Required work: Nothing but the lines from the top of the records through the line with "L’exposition de l’artiste" should be returned, exactly, and without pictures.

======== Given data ========

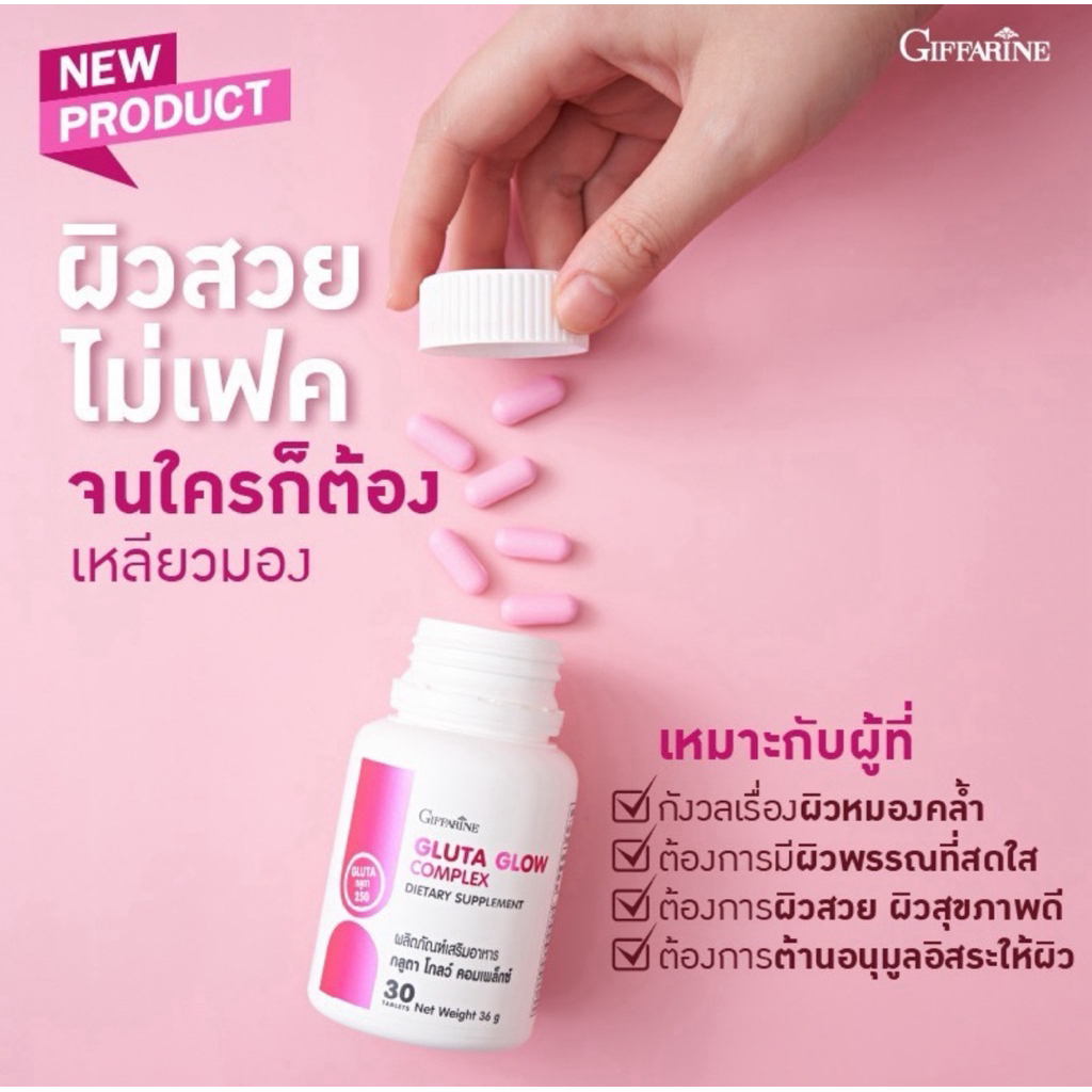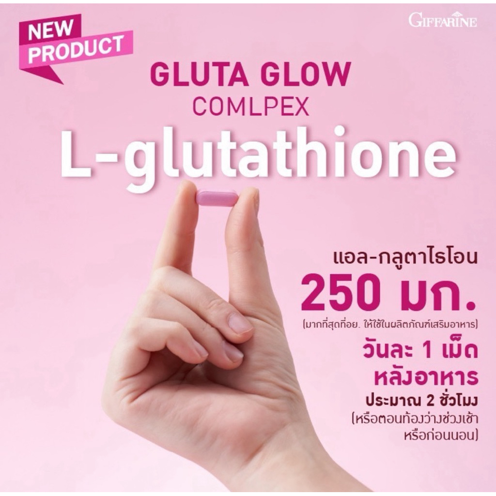 ผิวสวยกระจ่างใส กิฟฟารีน กลูตา โกลว์ คอมเพล็กซ์ ผลิตภัณฑ์เสริมอาหารแอล-กลูตาไธโอน (30 เม็ด)
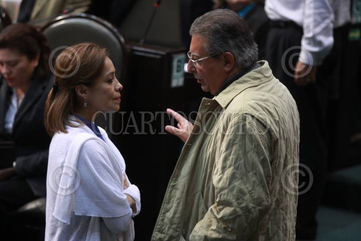 MÉXICO, D.F., 17NOVIEMBRE2009.- El coordinador de los diputados priísita, Francisco Rojas, conversa con la coordinadora de la bancada panista Josefina Vazquez Mota, durante la sesion en la Cámara de Diputados donde con 437 votos a favor, 25 en contra y 4 abstenciones, el Pleno de la Cámara de diputados aprobó en lo general el Presupuesto de Egresos para 2010. FOTO: SÁSHENKA GUTIÉRREZ/CUARTOSCURO.COM
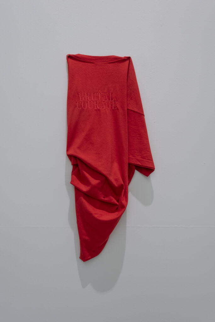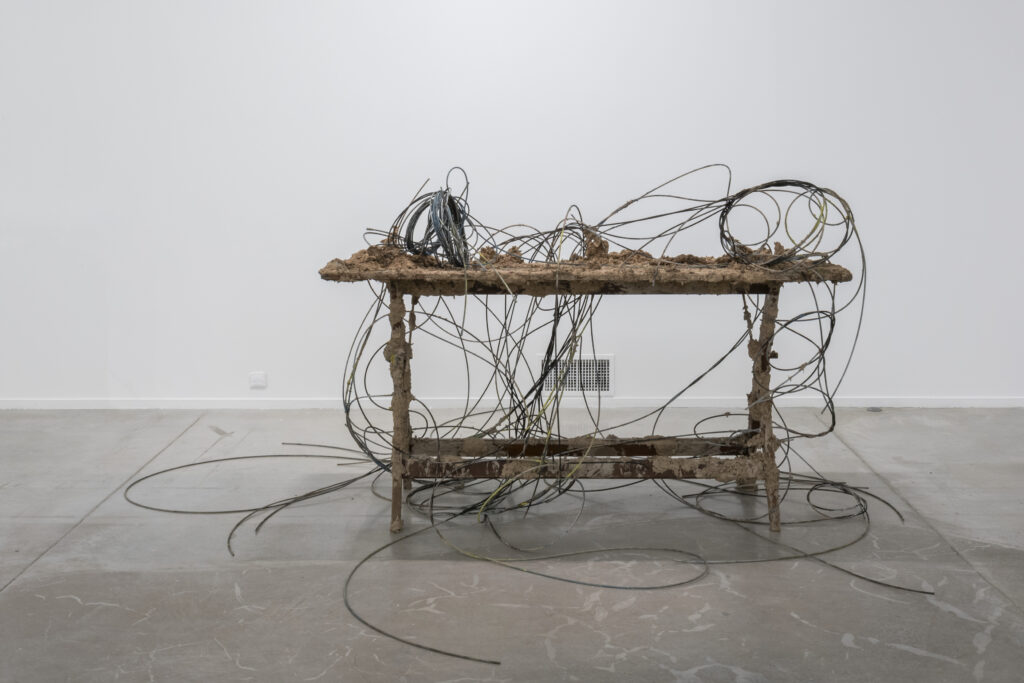 L’exposition de l’artiste français basé à Marseille, Aurélie Potier au MO.CO. Panacée est la révélation de cette saison. Les notions d’impermanence et d’instabilité traversent l’ensemble du parcours. Du mortier qui se désagrège, des plaques d’acier soumises à l’érosion du temps, des câbles qui traversent le bois de meubles ou qui rampent sur les murs, des pics d’acier dont la torsion dessine un langage, un simple T-shirt brodé rejouant les plis de la peinture…une porosité s’installe dans ces interstices fluides et ambigus.
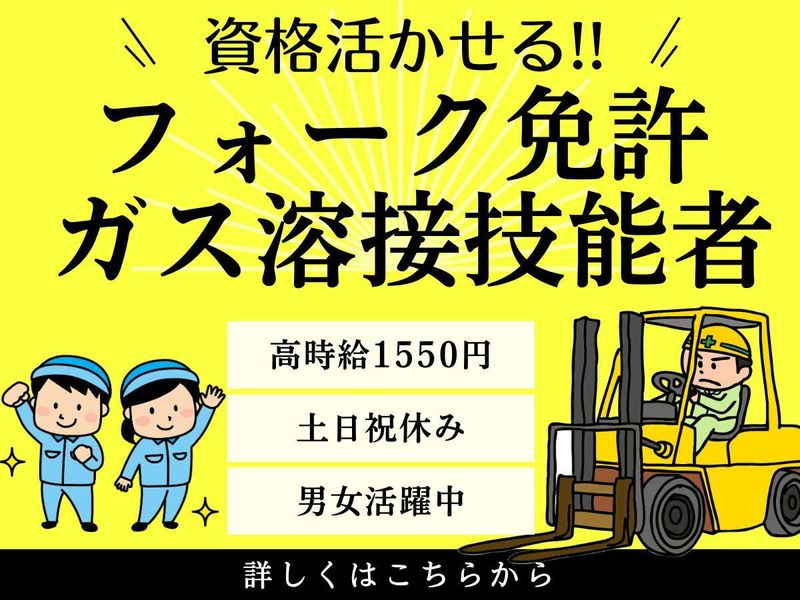 仕事内容 ✦・┈┈┈┈┈ ・✦✦・┈┈┈┈┈ ・✦ ⭐応募は履歴書不要& スマホから簡単登録可能♪ 「残業少なめ」「土日祝日休み」 「高時給1550円」で 安定のワークライフバランスを実現! ⭐フォークリフト免許、 ガス溶接技能者の資格をお持ちの方 ※実務経験のある方限定募集 ✨パソコンスキルは問いません! ✨20代・30代を中心に活躍中! ✦・┈┈┈┈┈ ・✦✦・┈┈┈┈┈ ・✦ ┏━━━━━━━┓ ⭐人気のPOINT⭐ ┗━━━━━━━┛ ✅20代・30代活躍中の職場です! 若手スタッフ多数在籍◎ ✅経験者歓迎!ブランクOK! ✅同じ作業をしている仲間が約20名! 男女ともに在籍している企業です! 困った時、不明点の相談もしやすい♪ ✅安心の完全週休2日制! 残業もほとんどなく、お家時間も充実! 「行きたいイベントがある!」 「ちょっと遠征してフェス行ってきます」 なんて、趣味も満喫できる環境です♪ ✅上下作業着貸与&シャワー室あり お仕事終わりにさっぱりしてから 帰れるのでスタッフからも大好評! 近所にはスーパー銭湯や テーマパークもあって利便性抜群◎ ✦・┈┈┈┈┈ ・✦✦・┈┈┈┈┈ ・✦ ꒰꒰ 免許を活かして働こう ꒱꒱ レアメタルなど再生資源の回収や 加工・販売を行っている 優良企業で長期安定勤務✨ ❁工場内での加工作業 └金属スクラップの溶断 (金属裁断機を使って溶解) ❁フォークリフトでの運搬 など、手順が明確だから ブランクのある方も 安心してスタートできる環境です! ☕ガス溶接技能者資格、 実務での経験が活かせます! ☕パソコンスキルは不問! ꒰꒰ ご応募は電話からも ꒱꒱ ꒰꒰ 受け付けています! ꒱꒱ ⏩TEL:0120-343-222 上記の番号にご応募いただければ、 その場で面談日も決めさせていただきます! スピーディにお仕事を決めたい方はぜひ♫ ✦・┈┈┈┈┈ ・✦✦・┈┈┈┈┈ ・✦ ┏━━━━━━━━━━━━┓ ⭐ 安定で選ぶならKOSMO⭐ ┗━━━━━━━━━━━━┛ ✨35年以上の歴史があり安定✨ KOSMOは、労働者派遣法が 施行された1986年から続く 人材サービスを手掛ける会社なので 安定して働きたい方にピッタリ! 入社して15年目になるスタッフも◎ ✨多数の案件あり!大手勤務も叶う✨ 長きにわたってクライアントの 人材に関する課題を解決してきた 実績・信頼があるため 大手クライアントが多く、案件が多数! ニーズの高まりから、業績も好調です。 ┏━━━━━━━━━━━━━━┓ ⭐ご入社後のサポートについて⭐ ┗━━━━━━━━━━━━━━┛ ご入社後は、担当の営業スタッフが あなたの就業をしっかりサポート! 実際の職場では分からないこと、 困ったことがあれば いつでも先輩スタッフに聞ける環境です! ✦・┈┈┈┈┈ ・✦✦・┈┈┈┈┈ ・✦
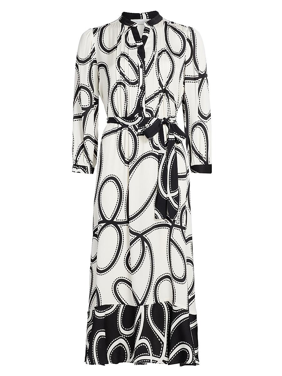 Crafted of a silk blend, Elie Taharis Phoenix midi-dress is styled with a dotted print, band collar, belted waist, and flounce hem. Band collar Bracelet-length sleeves Belted Partial button-front closure 52% silk/40% viscose/8% spandex Lining: 100% viscose Dry clean Imported SIZE & FIT Fit-and-flare silhouette About 50.5 from shoulder to hem Model measurements: 510 tall Model is wearing a US size Small. Modern Collections - Elie Tahari > Elie Tahari > Saks Fifth Avenue. Elie Tahari. Color: D

========

Finished task:
 ผิวสวยกระจ่างใส กิฟฟารีน กลูตา โกลว์ คอมเพล็กซ์ ผลิตภัณฑ์เสริมอาหารแอล-กลูตาไธโอน (30 เม็ด)
 MÉXICO, D.F., 17NOVIEMBRE2009.- El coordinador de los diputados priísita, Francisco Rojas, conversa con la coordinadora de la bancada panista Josefina Vazquez Mota, durante la sesion en la Cámara de Diputados donde con 437 votos a favor, 25 en contra y 4 abstenciones, el Pleno de la Cámara de diputados aprobó en lo general el Presupuesto de Egresos para 2010. FOTO: SÁSHENKA GUTIÉRREZ/CUARTOSCURO.COM
 L’exposition de l’artiste français basé à Marseille, Aurélie Potier au MO.CO. Panacée est la révélation de cette saison. Les notions d’impermanence et d’instabilité traversent l’ensemble du parcours. Du mortier qui se désagrège, des plaques d’acier soumises à l’érosion du temps, des câbles qui traversent le bois de meubles ou qui rampent sur les murs, des pics d’acier dont la torsion dessine un langage, un simple T-shirt brodé rejouant les plis de la peinture…une porosité s’installe dans ces interstices fluides et ambigus.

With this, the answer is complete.